─── Records for processing ───
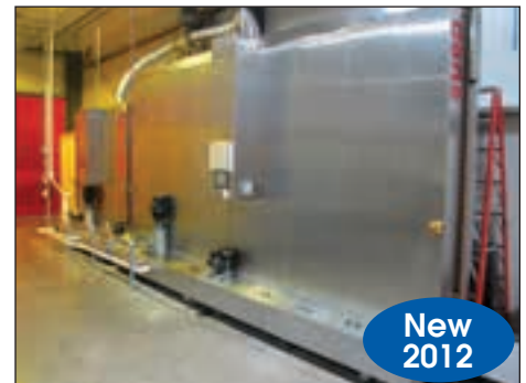
DANE AUTOMATIC SCREEN CLEANER MODEL DVV-380H0-180-HPW
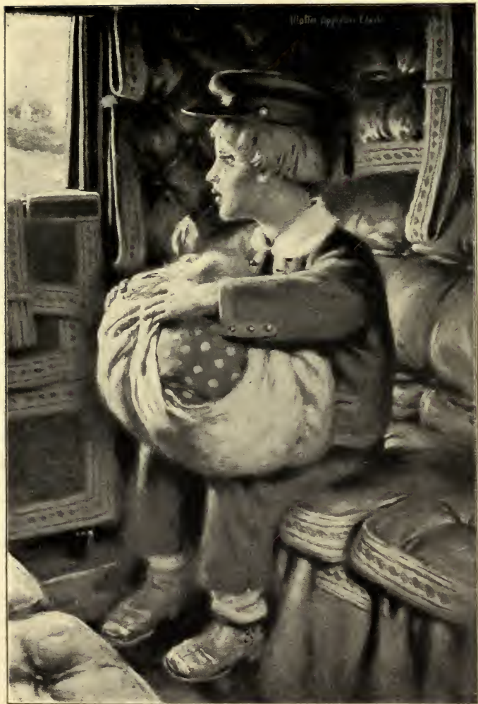
"PEERING OUT . . . WITH SERIOUS, BLUE EYES"
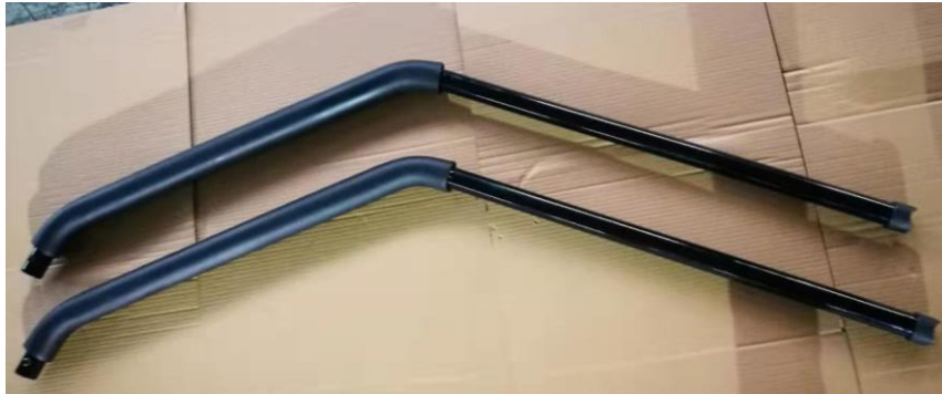
4、 Roll cage rear: 1pc
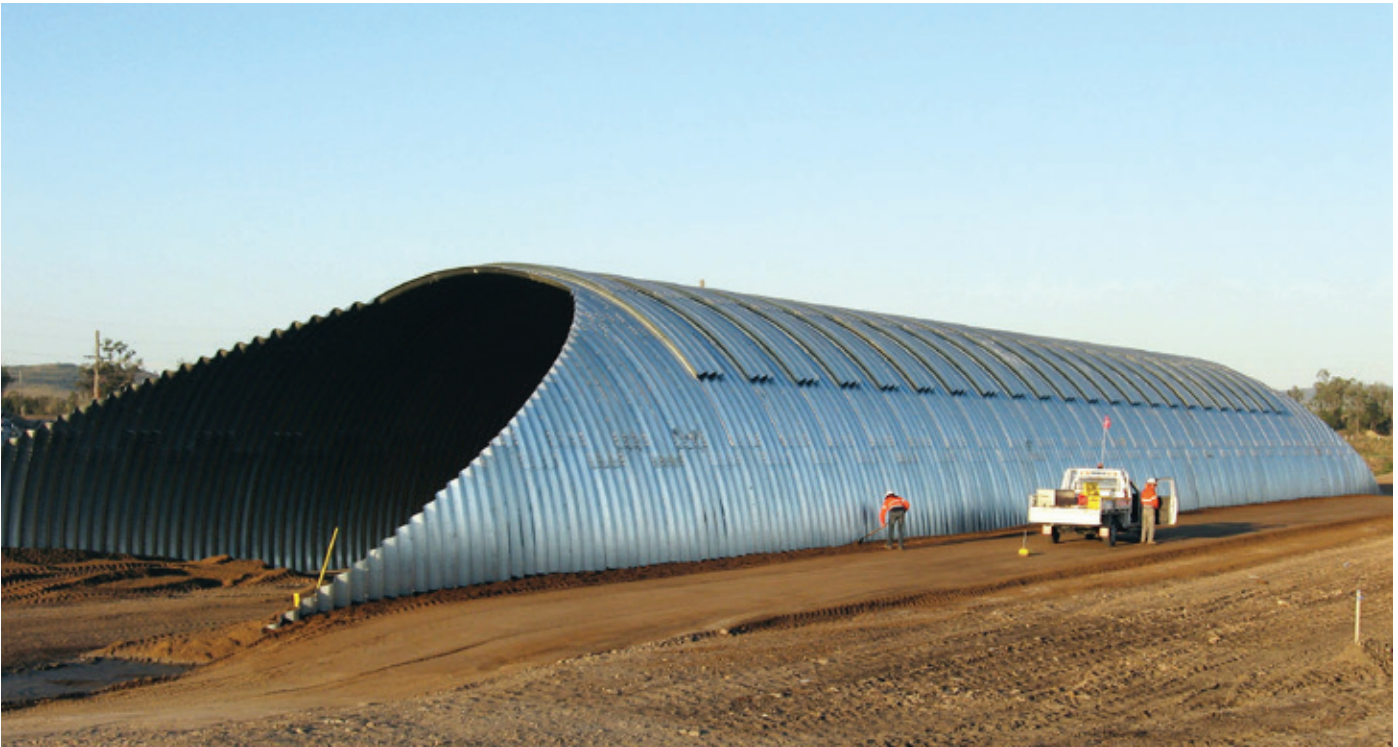
ANGLO COAL, CENTRAL - QUEENSLAND, AUSTRALIA
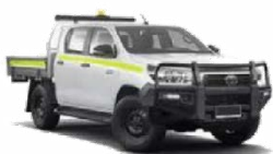
Toyota HiLux Ute Mine Spec Vehicles
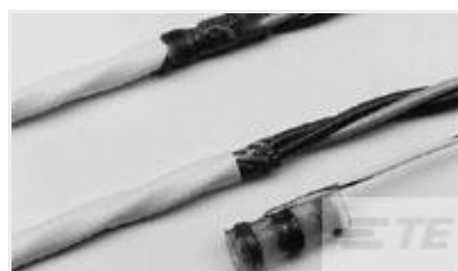
TE Part #764684-000 SO63-2-55-24-90
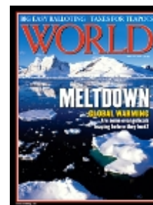
Meltdown Apr. 22, 2006
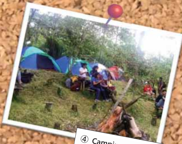
④ Camping Ground
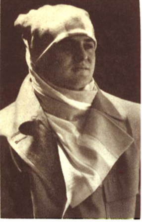
From Jaeger of London . . . the new wool muffer-toque. Can be worn stocking cap style, as shown, or conventionally around the neck.

ACCESSORIES . . . some add a touch of color . . . others combine functionalism with good looks. Already accepted, or new this season . . . all in good taste.
───
Task instructions
When repeating the entries, leave out every picture and keep the rest exact.

Result
DANE AUTOMATIC SCREEN CLEANER MODEL DVV-380H0-180-HPW
"PEERING OUT . . . WITH SERIOUS, BLUE EYES"
4、 Roll cage rear: 1pc
ANGLO COAL, CENTRAL - QUEENSLAND, AUSTRALIA
Toyota HiLux Ute Mine Spec Vehicles
TE Part #764684-000 SO63-2-55-24-90
Meltdown Apr. 22, 2006
④ Camping Ground
From Jaeger of London . . . the new wool muffer-toque. Can be worn stocking cap style, as shown, or conventionally around the neck.

ACCESSORIES . . . some add a touch of color . . . others combine functionalism with good looks. Already accepted, or new this season . . . all in good taste.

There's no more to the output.